Doing cost-benefit analysis instead of cost-effectiveness analysis would put everything in the same terms and make sure this doesn't happen, but then we'd have to agree on how to convert to or from $.

Have we been generally only treating direct donations towards costs and everything else towards impacts?

comment by saulius · 2020-04-08T08:54:53.036Z · score: 2 (1 votes) · EA(p) · GW(p)

Personally, I don't remember any cost-effectiveness estimate that accounted for things like money lost due to hiring earning-to-givers in any way.

comment by MichaelStJules · 2020-04-08T16:27:41.166Z · score: 5 (3 votes) · EA(p) · GW(p)

Charity Entrepreneurship has included opportunity costs for cofounders in charity cost-effectiveness analyses towards the charities' impacts, e.g.:

https://www.getguesstimate.com/models/13821

https://www.getguesstimate.com/models/13828

https://www.getguesstimate.com/models/13985

comment by lucy.ea8 · 2019-08-21T05:14:59.701Z · score: 1 (3 votes) · EA(p) · GW(p)
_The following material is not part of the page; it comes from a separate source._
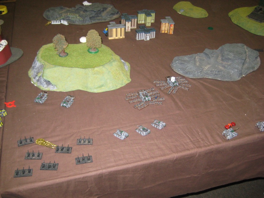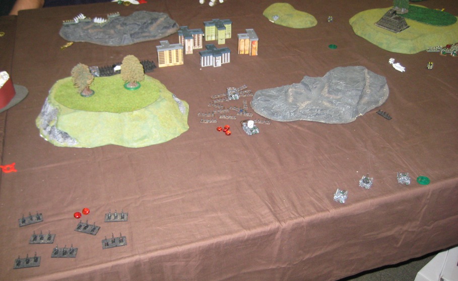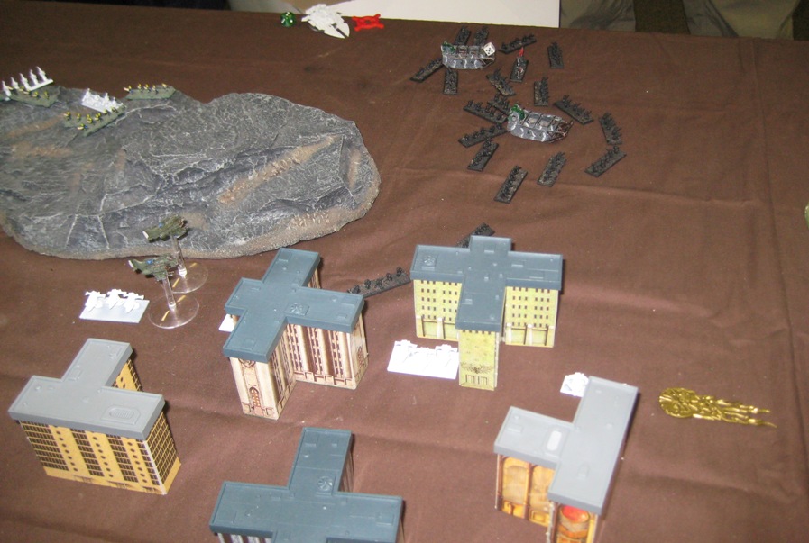 2nd Company moves closer to the Eldar side of the board, but maintains a healthy distance from the Wraithgate. The Swords advance to shoot at 2nd Companies Gorgons, and immobilize one of them. Red Squadron rocket attacks inflict damage against the remaining Storm Serpent, while skirting AA coverage from the Phantom. Guardian 2 doubles out of the Wraithgate to attack 1st Company, and manage to damage one of the Gorgons.

Fairness and health equity. Cost-effectiveness estimates typically treat all health gains as equal. However, many think that priority should be given to those with severe health conditions and in disadvantaged communities, even if it leads to less overall decline in suffering or illness (Nord, 2005, Cookson et al. (2017), Kamm (2015)).

One other example is rural vs urban, it might be more cost-effective to solve a problem (say school attendance) in cities but costlier in rural settings. Just focusing on urban setting is wrong in this context. It seems discriminatory.